There are many types of people in this world. I’ve come across a few of the many types and now, I consider myself lucky to have met the spiteful type. It’s not easy, dealing with them because they refuse to let things go no matter how settled everything already is. They will keep on bringing issues up when there are no issues and the matter will go on and on and on non-stop. It will not stop. Not now, not ever.

There are also people who want to put a part of themselves in everything. Granted, that’s what we all want. We want to leave a mark, a trail where we walk. But there are, of course, better ways and means to do these things. So that people remember you more. So that people remember you in a better light. But no. there are people who think that whatever they do is the right way, although clearly, it’s not.

The best thing to do when there are obnoxiously insensitive spiteful people around us is to defy them. But then again, there are many ways in which people can defy others. And one of them is by acting unperturbed. Which is exactly what got to them until steam was coming out of their ears.

I’m disturbed by the fact that I didn’t get a day off today. I’m disturbed that I didn’t get enough beach loving. But I’m satisfied. Satisfied that for now, they know the power of the masses.

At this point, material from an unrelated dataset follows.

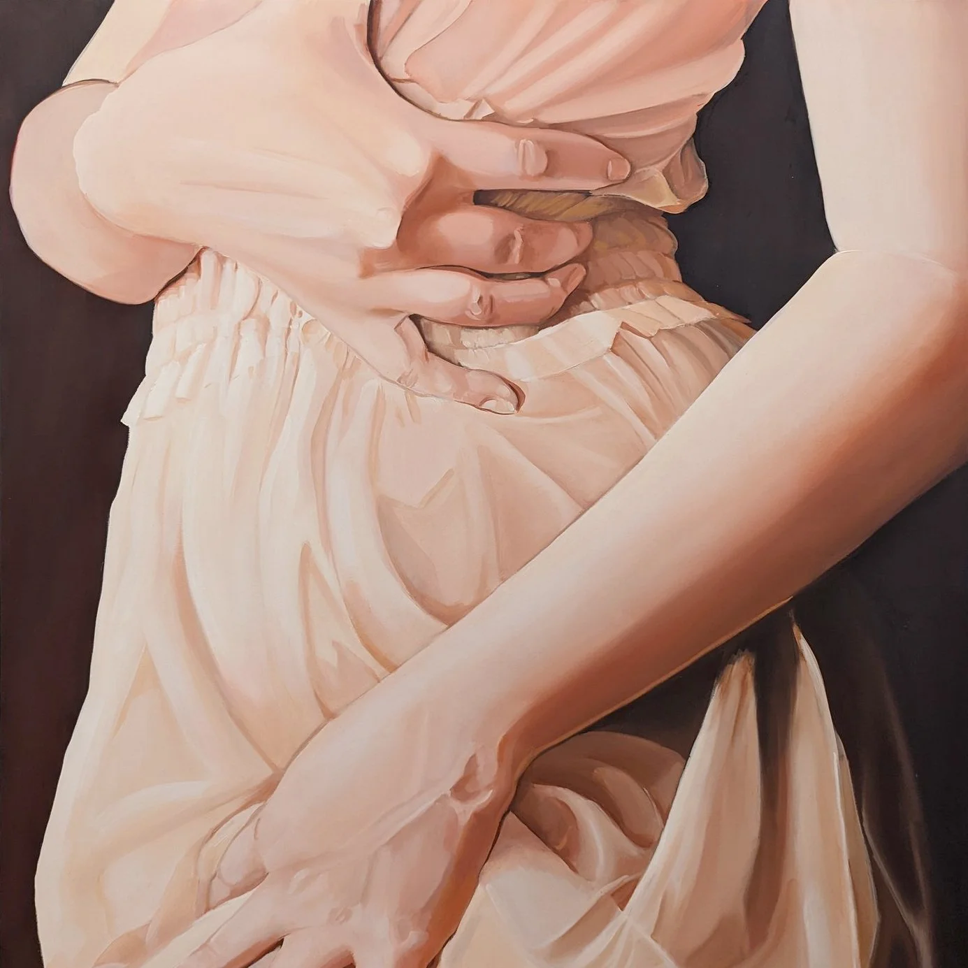 Caroline Pinney is a contemporary figurative artist whose work primarily explores intimacy and human relationships. Since receiving her BFA in 2016, the artist has lived in Nashville, Richmond, and is now based in Austin — energized by the warm weather. The landscapes and robust art and music scenes of each city have propelled her curiosity and independence, instilling lyricism and movement into her work.

They should learn that when they want a good team, the team must be a smart one and a smart one will say what they don’t like and move on with their lives, unperturbed by what you think of them.

Lesson learnt.

Ah. I shouldn't have written this. It feels like I’m writing a storybook. Remind me to stop being disturbed about insignificant people. They don’t deserve space in here.

can't beat what home can make you feel.

Finally, I am back in town. I must admit that I miss waking up to the sound of waves crashing against the beach. And of course, not having to drive 44 kilometers to work is a plus point as well. I wouldn’t say that everything went well without any hiccups whatsoever. But I have to say that my event, which was the dinner, got endless congratulations and praise. Enough proof of what a great job a great team can be. Of course, there were misunderstandings along the way. Of course, people pulled faces when they were tired and exhausted, but we moved on and did everything to the best of our ability. It suffices that we know how good we are no matter how much other people fail to recognise our strengths.

I’ve got 10 minutes to go before office hours start officially. Though I’d love to write more, throngs of files are flooding my cubicle, and I really do need to de-clutter before I begin.

It’s becoming too easy to find me.

Just type my full name and there I am.

So, this decision is final and I am limiting this blog to whomever I feel like I want to.